Start of INFORMATION SUPPLIED

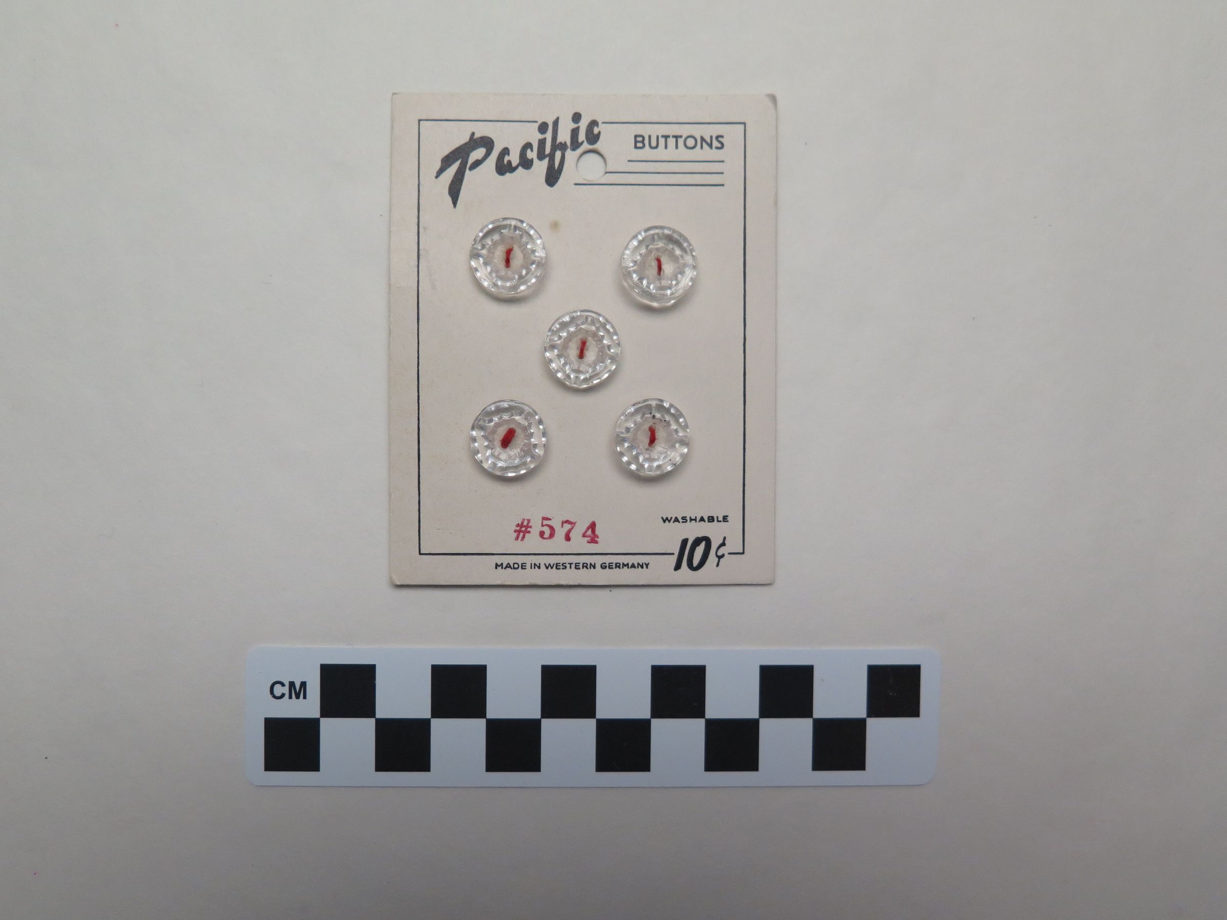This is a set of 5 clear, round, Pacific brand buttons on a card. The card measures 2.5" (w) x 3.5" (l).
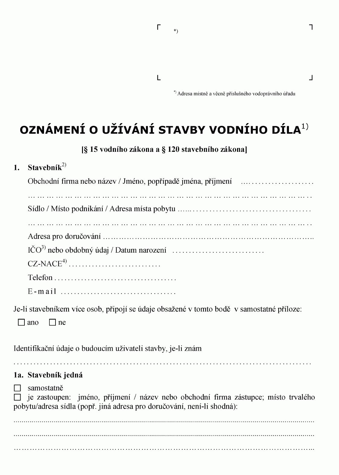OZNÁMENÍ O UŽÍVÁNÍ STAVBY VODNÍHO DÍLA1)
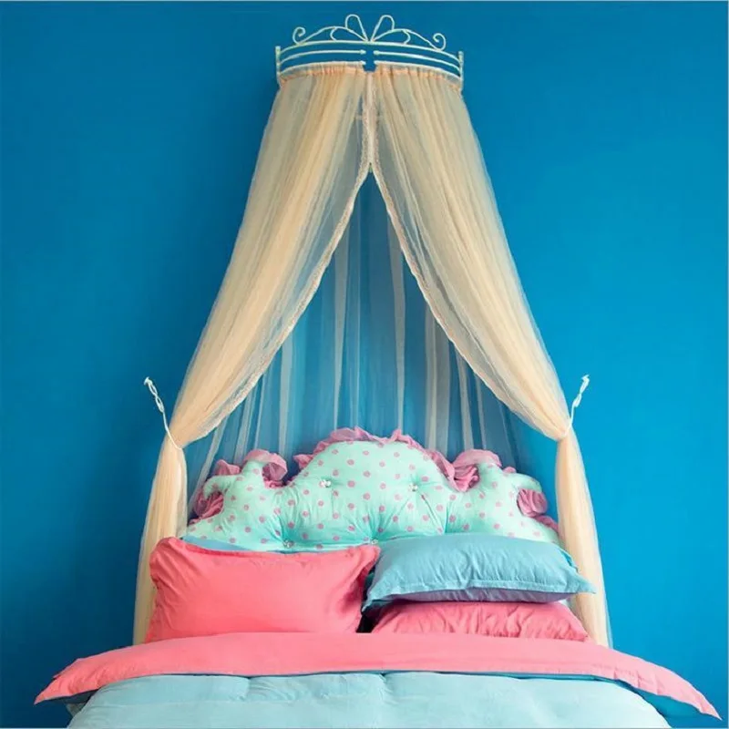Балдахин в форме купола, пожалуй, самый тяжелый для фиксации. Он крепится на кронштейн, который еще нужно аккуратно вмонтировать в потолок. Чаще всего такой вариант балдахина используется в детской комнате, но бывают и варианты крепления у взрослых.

End of INFORMATION SUPPLIED
Start of INFORMATION SUPPLIED

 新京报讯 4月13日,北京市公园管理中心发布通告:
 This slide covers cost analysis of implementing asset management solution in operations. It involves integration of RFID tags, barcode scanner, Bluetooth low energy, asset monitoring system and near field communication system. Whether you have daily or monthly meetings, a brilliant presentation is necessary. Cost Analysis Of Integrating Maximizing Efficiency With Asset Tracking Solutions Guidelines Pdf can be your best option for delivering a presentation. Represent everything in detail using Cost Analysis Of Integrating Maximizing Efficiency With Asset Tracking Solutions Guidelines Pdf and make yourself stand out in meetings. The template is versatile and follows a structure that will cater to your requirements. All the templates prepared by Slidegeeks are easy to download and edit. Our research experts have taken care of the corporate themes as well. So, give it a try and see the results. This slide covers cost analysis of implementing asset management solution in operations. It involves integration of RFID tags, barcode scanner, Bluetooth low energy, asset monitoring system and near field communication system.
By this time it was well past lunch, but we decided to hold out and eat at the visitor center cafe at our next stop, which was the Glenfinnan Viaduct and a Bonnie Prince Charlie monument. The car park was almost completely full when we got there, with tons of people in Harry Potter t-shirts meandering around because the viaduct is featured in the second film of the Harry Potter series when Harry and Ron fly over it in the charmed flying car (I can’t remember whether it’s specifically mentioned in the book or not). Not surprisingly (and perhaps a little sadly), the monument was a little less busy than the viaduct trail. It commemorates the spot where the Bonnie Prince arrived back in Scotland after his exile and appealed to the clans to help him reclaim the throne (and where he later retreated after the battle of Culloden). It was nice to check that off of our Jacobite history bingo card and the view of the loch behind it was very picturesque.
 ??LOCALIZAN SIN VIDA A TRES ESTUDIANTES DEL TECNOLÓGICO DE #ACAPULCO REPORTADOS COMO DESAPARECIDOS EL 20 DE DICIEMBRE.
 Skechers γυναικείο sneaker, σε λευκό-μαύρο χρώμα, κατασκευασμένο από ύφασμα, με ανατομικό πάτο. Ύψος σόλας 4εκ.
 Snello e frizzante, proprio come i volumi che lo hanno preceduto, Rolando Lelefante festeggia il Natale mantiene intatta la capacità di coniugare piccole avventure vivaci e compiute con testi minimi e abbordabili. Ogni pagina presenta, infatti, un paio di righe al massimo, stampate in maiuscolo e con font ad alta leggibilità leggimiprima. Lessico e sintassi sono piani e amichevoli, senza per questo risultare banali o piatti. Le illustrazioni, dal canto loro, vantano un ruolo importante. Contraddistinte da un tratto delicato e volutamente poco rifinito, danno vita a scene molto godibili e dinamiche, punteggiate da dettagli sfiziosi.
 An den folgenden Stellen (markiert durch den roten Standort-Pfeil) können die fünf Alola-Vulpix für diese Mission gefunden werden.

End of INFORMATION SUPPLIED

### EXERCISE BRIEF
In the entries above, the lines between the one holding "Skechers γυναικείο sneaker, σε" and the one holding "An den folgenden", inclusive, are to be printed exactly as written, and those alone.

### THE ANSWER
 Skechers γυναικείο sneaker, σε λευκό-μαύρο χρώμα, κατασκευασμένο από ύφασμα, με ανατομικό πάτο. Ύψος σόλας 4εκ.
 Snello e frizzante, proprio come i volumi che lo hanno preceduto, Rolando Lelefante festeggia il Natale mantiene intatta la capacità di coniugare piccole avventure vivaci e compiute con testi minimi e abbordabili. Ogni pagina presenta, infatti, un paio di righe al massimo, stampate in maiuscolo e con font ad alta leggibilità leggimiprima. Lessico e sintassi sono piani e amichevoli, senza per questo risultare banali o piatti. Le illustrazioni, dal canto loro, vantano un ruolo importante. Contraddistinte da un tratto delicato e volutamente poco rifinito, danno vita a scene molto godibili e dinamiche, punteggiate da dettagli sfiziosi.
 An den folgenden Stellen (markiert durch den roten Standort-Pfeil) können die fünf Alola-Vulpix für diese Mission gefunden werden.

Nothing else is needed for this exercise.